### Task requirements
What is needed is an exact copy of the whole listing below, with no pictures.

### Information shown
= Beginning of Section =
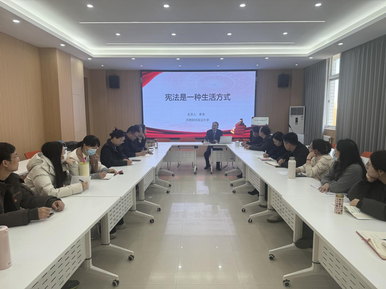 李浩以“宪法是一种生活方式”为主题,从宪法的过去、现在和未来,讲述了宪法的重要性。他指出今年12月4日,是我国第十二个国家宪法日。宪法是国家的根本法,是治国安邦的总章程,是党和人民意志的集中体现。党的十八大以来,以习近平同志为核心的党中央高度重视宪法在治国理政中的重要地位和作用,丰富和发展了中国特色社会主义宪法理论和宪法实践,推动我国宪法制度建设和宪法实施取得历史性成就。他号召老师们深入学习宣传贯彻习近平法治思想,推动宪法深入人心,为推进中国式现代化凝聚法治力量。
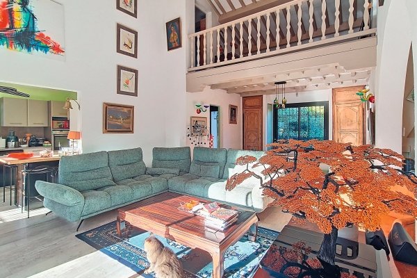 Villa in Valescure, in the sought-after neighbourhood of Saint-Raphaël, near shops and golf-courses. Nestling in leafy surroundings, it offers a living-room with semi-open kitchen, leading out to the terrace and pool area. The house benefits from 6 bedrooms, a mezzanine, a study or playroom, 2 bathrooms, 3 shower rooms, and separate WCs. Basement with a large garage, laundry room and cellar.
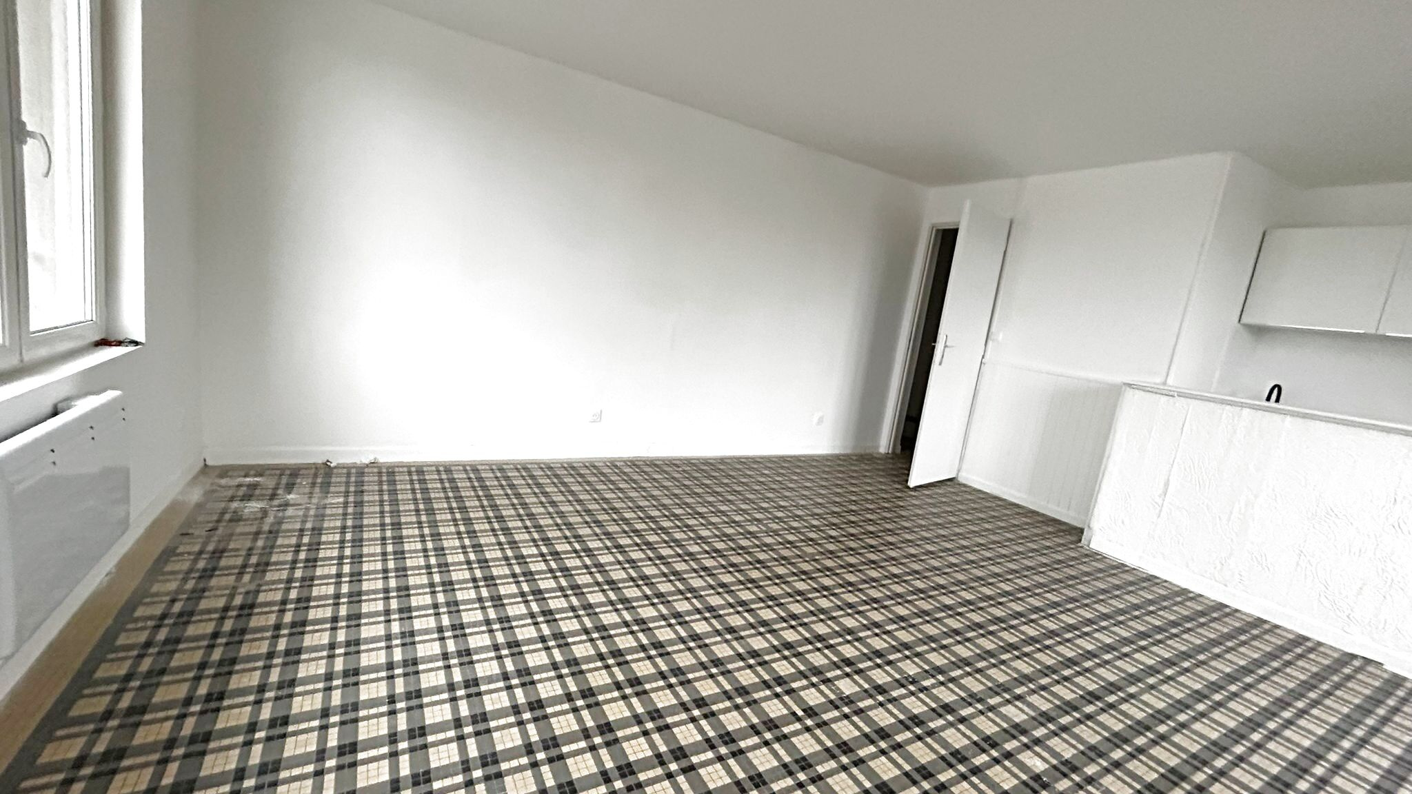 Une pièce de vie ouverte avec coin cuisine aménagée et équipée, une salle de d'eau avec WC Le grand plus : un emplacement voiture, une cour privative et une cour commune.
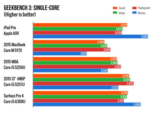 iPad Pro оснащен двухъядерным процессором A9X частотой 2,25 ГГц, что примерно на 300 МГц больше, чем частота A9 в iPhone 6s. Гаджет опережает по производительности все другие iOS-устройства. При этом 12,9-дюймовый планшет Apple по уровню быстродействия в Geekbench сравнялся с 13-дюймовым MacBook Pro и Surface Pro 4 в одноядерном режиме работы. В этом же тесте новинка от Apple выступает лучше, чем 12-дюймовый MacBook и MacBook Air 2015 года выпуска. В многоядерном режиме тестирования iPad Pro превзошел 12-дюймовый MacBook и MacBook Air.
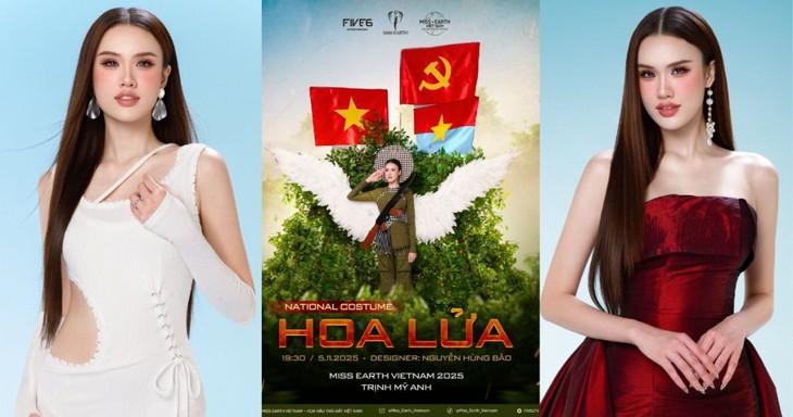 Đặc biệt, “Hoa Lửa” gây ấn tượng mạnh với tông màu xanh rêu đặc trưng của người chiến sĩ, kết hợp cùng chiếc khăn rằn, mũ mấn, và đôi cánh trắng tượng trưng cho sự hi sinh, nhưng cũng là biểu tượng của hòa bình và lòng nhân hậu. Phía sau là hình ảnh ba lá cờ – biểu trưng cho tổ quốc, lý tưởng và tinh thần đoàn kết dân tộc – làm nổi bật hơn thông điệp yêu nước và tự hào dân tộc mà bộ trang phục muốn truyền tải. Trịnh Mỹ Anh thể hiện thần thái vừa kiên cường, vừa mềm mại – như chính tinh thần “hoa lửa”: bừng cháy giữa gian khổ, dịu dàng giữa bão giông.
= End of Section =
### Output for this task
 李浩以“宪法是一种生活方式”为主题,从宪法的过去、现在和未来,讲述了宪法的重要性。他指出今年12月4日,是我国第十二个国家宪法日。宪法是国家的根本法,是治国安邦的总章程,是党和人民意志的集中体现。党的十八大以来,以习近平同志为核心的党中央高度重视宪法在治国理政中的重要地位和作用,丰富和发展了中国特色社会主义宪法理论和宪法实践,推动我国宪法制度建设和宪法实施取得历史性成就。他号召老师们深入学习宣传贯彻习近平法治思想,推动宪法深入人心,为推进中国式现代化凝聚法治力量。
 Villa in Valescure, in the sought-after neighbourhood of Saint-Raphaël, near shops and golf-courses. Nestling in leafy surroundings, it offers a living-room with semi-open kitchen, leading out to the terrace and pool area. The house benefits from 6 bedrooms, a mezzanine, a study or playroom, 2 bathrooms, 3 shower rooms, and separate WCs. Basement with a large garage, laundry room and cellar.
 Une pièce de vie ouverte avec coin cuisine aménagée et équipée, une salle de d'eau avec WC Le grand plus : un emplacement voiture, une cour privative et une cour commune.
 iPad Pro оснащен двухъядерным процессором A9X частотой 2,25 ГГц, что примерно на 300 МГц больше, чем частота A9 в iPhone 6s. Гаджет опережает по производительности все другие iOS-устройства. При этом 12,9-дюймовый планшет Apple по уровню быстродействия в Geekbench сравнялся с 13-дюймовым MacBook Pro и Surface Pro 4 в одноядерном режиме работы. В этом же тесте новинка от Apple выступает лучше, чем 12-дюймовый MacBook и MacBook Air 2015 года выпуска. В многоядерном режиме тестирования iPad Pro превзошел 12-дюймовый MacBook и MacBook Air.
 Đặc biệt, “Hoa Lửa” gây ấn tượng mạnh với tông màu xanh rêu đặc trưng của người chiến sĩ, kết hợp cùng chiếc khăn rằn, mũ mấn, và đôi cánh trắng tượng trưng cho sự hi sinh, nhưng cũng là biểu tượng của hòa bình và lòng nhân hậu. Phía sau là hình ảnh ba lá cờ – biểu trưng cho tổ quốc, lý tưởng và tinh thần đoàn kết dân tộc – làm nổi bật hơn thông điệp yêu nước và tự hào dân tộc mà bộ trang phục muốn truyền tải. Trịnh Mỹ Anh thể hiện thần thái vừa kiên cường, vừa mềm mại – như chính tinh thần “hoa lửa”: bừng cháy giữa gian khổ, dịu dàng giữa bão giông.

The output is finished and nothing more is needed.